To get the ultimate insider’s view, talk with other students (like we had to tell you that!). Find out what drew them to the major, what their experience has been in the program (both in and out of the classroom), what they hope to do in the future, and what the good opportunities are. And remember that all students are different – just because one person likes or dislikes a field of study doesn’t mean you’ll feel the same way. Keep in mind how you may be different in terms of your preferences and goals from others.

Get a job or an internship

There’s sometimes no way to know if you like something until you do it.
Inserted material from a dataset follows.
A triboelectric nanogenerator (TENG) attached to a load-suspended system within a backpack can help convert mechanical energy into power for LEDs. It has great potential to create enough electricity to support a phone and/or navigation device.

Work with the department advisor, the Career Center, the Volunteer Center, or the Joint Educational Project to get some leads on jobs, internships, and service opportunities.

Do undergraduate research

USC brings in over $500 million in research funding each year. There is a huge amount of research going on at all times. And many of those research projects rely on undergraduate research assistants to get the work done. Take advantage of one of the great resources USC has to offer, and try your hand at research. For many students, doing the actual research of a discipline can be just the spark needed to light a passion. To find opportunities, connect with the Undergraduate Research & Discovery Programs and department advisors.

Talk with a career counselor

Although majors and careers are certainly not the same thing, the same skills that make career counselors good at helping people find their career passion might be directed to help you find your academic passion.

The Career Center also offers the Myers-Briggs Type Indicator (MBTI) and Strong Interest Inventory (SII), both widely used career assessment tools which may also shed light onto your academic interests. You may learn something new about yourself, may confirm what you already knew about yourself, or perhaps see things from a different perspective. In any case, it is fun to hear the interpretations.

Visit the Career Center to see how they can assist you.